The sum of each factor's tolerance is:

$$ \begin{equation} \begin{aligned} T(a) + T(b) &= \frac{W(a)}{C(a)} + \frac{W(b)}{C(b)} \\ &= \frac{a_h - a_l}{a_l + a_h} + \frac{b_h - b_l}{b_l + b_h} \\ &= \frac{2a_hb_h - 2a_lb_l}{a_lb_l + a_lb_h + a_hb_l + a_hb_h} \\ &\approx \frac{2(a_hb_h - a_lb_l)}{2(a_lb_l + a_hb_h)} \\ \end{aligned} \end{equation} $$

The last line works because we assume that the tolerances are very small, meaning that $$a_l \approx a_h$$, so we can substitute accordingly.

###Ex 2.14

(define a (make-center-percent 2 0.05))
(define b (make-center-percent 3 0.03))
(define c a)

(percent (div-interval a a))
=> 0.09975062344139651

(percent (div-interval a b))
=> 0.07988017973040436

(percent (div-interval a c))
=> 0.09975062344139651

I think this illustrates the problem properly. We know from the previous exercise that for intervals with very small tolerances, the percentage of the product of quotient of two intervals is very close to the sum of their tolerances. This can be shown from $$\frac{A}{B}$$. However for $$\frac{A}{A}$$, the percent is $$\approx 0.1$$, twice the percent of a. However, $$\frac{A}{A}$$ can simply be reduced to 1 mathematically with percent 0. A related problem is the third application, $$\frac{A}{C}$$, where $$C=A$$. Even though the names of the values are different here, they are equal, and so we sould expect the result to be 1 also.

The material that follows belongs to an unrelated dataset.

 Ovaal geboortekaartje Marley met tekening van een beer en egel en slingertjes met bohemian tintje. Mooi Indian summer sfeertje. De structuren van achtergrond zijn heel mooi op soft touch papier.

###Ex 2.15 Yes, Eva is right: par2 produces a result that has a lower percent. This can be seen when comparing (percent (par1 a b)) and (percent (par2 a b)), where

(define a (make-center-percent 3 0.1))
(define b (make-center-percent 4 0.05))

In particular, par2 will produce an interval with tighter percentage tolerance. The reason this happens is because each time we perform an operation with intervals with width > 0, they will affect final result's percentage tolerance. In par1, we see that there are three operations in total that affect the resulting tolerance: $$R1 \cdot R2$$, $$R1 + R2$$, and the division of the results of those two operations. In conrast, par2 only results in one operation involving two intervals with width > 0: $$\frac{1}{R1} + \frac{1}{R2}$$. Intuitively, we can think of it this way: It does not make sense for an operation involving two intervals a and b to result in an interval with tighter bounds than the terms used to compute it.

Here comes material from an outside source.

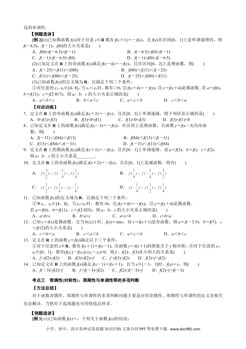 专题九函数的奇偶性、周期性与单调性的综合问题函数的奇偶性、周期性及单调性是函数的三大性质,在高考中常常将它们综合在一起命题,解题时,往往需要借助函数的奇偶性和周期性来确定另一区间上的单调性,即实现区间的转换,再利用单调性解决相关问题.主要题型有奇偶性、周期性及单调性的判断,比较大小以及多结论的正误判断等.考点一奇偶性、周期性与单调性的判断【方法总结】对于函数奇偶性、周期性与单调性的判断问题主要是应用奇偶性、周期性与单调性的定义及相关结论解决.当然对于选填题也可用特值法秒杀.【例题选讲】[例1](1)已知函数f(x)=则下列结论正确的是()A.f(x)是偶函数B.f(x)是增函数C.f(x)是周期函数D.f(x)的值域为[-1,+∞)(2)已知函数f(x)=loga(ax+1)+x(a>0且a≠1),则()A.f(x)图象关于原点对称B.f(x)图象关于y轴对称C.f(x)在R上单调递增D.f(x)在R上单调递减【对点训练】1.定义在R上的函数f(x)满足f(x)=f(-x),且f(x)=f(x+6),当x∈[0,3]时,f(x)单调递增,则f(x)在下列哪个区间上单调递减()A.[3,7]B.[4,5]C.[5,8]D.[6,10]2.定义在R上的奇函数f(x)满足f=f(x),当x∈时,f(x)=(1-x),则f(x)在区间内是()A.减函数且f(x)>0B.减函数且f(x)<0C.增函数且f(x)>0D.增函数且f(x)<03.已知函数f(x)=ex-1-e-x+1,则下列说法正确的是()A.函数f(x)的最小正周期是1B.函数f(x)是单调递减函数C.函数f(x)的图象关于直线x=1轴对称D.函数f(x)的图象关于(1,0)中心对称4.已知函数f(x)是定义域为R的偶函数,且f(x+1)=,若f(x)在[-1,0]上是减函数,那么f(x)在[2,3]上是()A.增函数B.减函数C.先增后减的函数D.先减后增的函数5.定义在R上的奇函数f(x)满足f(x+1)=f(-x),当x∈(0,1)时,f(x)=则f(x)在区间内是()A.增函数且f(x)>0B.增函数且f(x)<0C.减函数且f(x)>0D.减函数且f(x)<06.已知函数f(x)=则下列结论正确的是()A.函数f(x)是偶函数B.函数f(x)是减函数C.函数f(x)是周期函数D.函数f(x)的值域为[-1,+∞)考点二比较函数值的大小【方法总结】比较函数值大小的思路:比较函数值的大小时,若自变量的值不在同一个单调区间内,要利用其函数性质,转化到同一个单调区间上进行比较,对于选择题、填空题能数形结合的尽量用图象法求解.同时要充分利用奇函数在关于原点对称的两个区间上具有相同的单调性,偶函数在关于原点对称的两个区间上具有相小学、初中、高中各种试卷真题知识归纳文案合同PPT等免费下载www.doc985.com反的单调性.【例题选讲】[例2](1)已知偶函数f(x)对于任意x∈R都有f(x+1)=-f(x),且f(x)在区间[0,1]上是单调递增的,则f(-6.5),f(-1),f(0)的大小关系是()A.f(0)<f(-6.5)<f(-1)B.f(-6.5)<f(0)<f(-1)C.f(-1)<f(-6.5)<f(0)D.f(-1)<f(0)<f(-6.5)(2)已知定义在R上的奇函数f(x)满足f(x-4)=-f(x),且在区间[0,2]上是增函数,则()A.f(-25)<f(11)<f(80)B.f(80)<f(11)<f(-25)C.f(11)<f(80)<f(-25)D.f(-25)<f(80)<f(11)(3)已知函数f(x)的定义域为R,且满足下列三个条件:①对任意的x1,x2∈[4,8],当x1<x2时,都有>0;②f(x+4)=-f(x);③y=f(x+4)是偶函数.若a=f(6),b=f(11),c=f(2017),则a,b,c的大小关系正确的是()A.a<b<cB.b<a<cC.a<c<bD.c<b<a【对点训练】7.定义在R上的奇函数f(x)满足f(x+2)=-f(x),且在[0,2)上单调递减,则下列结论正确的是()A.0<f(1)<f(3)B.f(3)<0<f(1)C.f(1)<0<f(3)D.f(3)<f(1)<08.已知定义在R上的函数f(x)满足f(x-3)=-f(x),在区间上是增函数,且函数y=f(x-3)为奇函数,则()A.f(-31)<f(84)<f(13)B.f(84)<f(13)<f(-31)C.f(13)<f(84)<f(-31)D.f(-31)<f(13)<f(84)9.定义在R上的偶函数f(x)满足f(x+1)=-f(x),且在[0,1]上单调递增,设a=f(3),b=f(),c=f(2),则a,b,c的大小关系是________.10.定义在R上的奇函数f(x)满足f(x+2)=-f(x),且在[0,1]上是减函数,则有()A.B.C.D.11.已知函数f(x)的定义域为R,且满足下列三个条件:①∀x1,x2∈[4,8],当x1<x2时,...

###Ex 2.16 This answer is related to the one given for 2.15. In general, the reason that different algebraic expressions, although equivalent, can lead to different results is because each operation involving two intervals carried out directly (i.e. no simplication) increases the percentage tolerance. For example, (a + b) - b is equivalent to just a, but computing the first expression directly will result in an interval that has a width greater than a's, despite having the same center, which means it also has a higher percentage.